### Given information
_ _ _ _ _

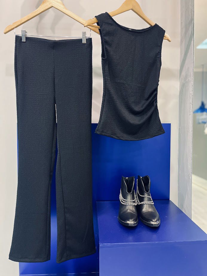 Pantalón recto de tiro medio con elástico interno en cintura.
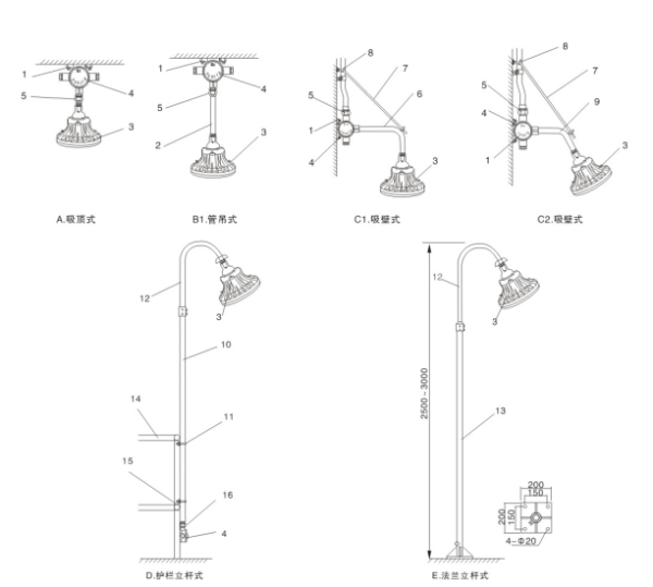 安裝方式:支架式、壁掛式、吸頂式、護(hù)欄法蘭立桿式
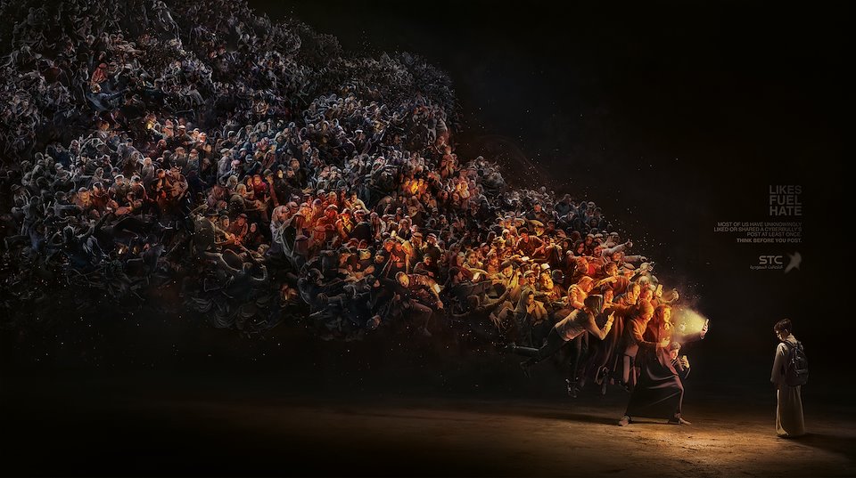 This print ad tackled just that by conveying the message that one tiny Like can contribute to helping content – and possibly means of bullying – spread like wildfire.
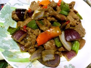 锅里放入少许油,把牛肉放入锅里翻炒几遍。加入洋葱、蚝油、老抽、青椒,再往锅中加入水、勾芡。

_ _ _ _ _

### Brief
Your answer must reproduce exactly the lines from the line with "安裝方式:支架式、壁掛式、吸頂式、護(hù)欄法蘭立桿式" through the end of the material, both ends included, with every picture dropped.

### Answer to the exercise
 安裝方式:支架式、壁掛式、吸頂式、護(hù)欄法蘭立桿式
 This print ad tackled just that by conveying the message that one tiny Like can contribute to helping content – and possibly means of bullying – spread like wildfire.
 锅里放入少许油,把牛肉放入锅里翻炒几遍。加入洋葱、蚝油、老抽、青椒,再往锅中加入水、勾芡。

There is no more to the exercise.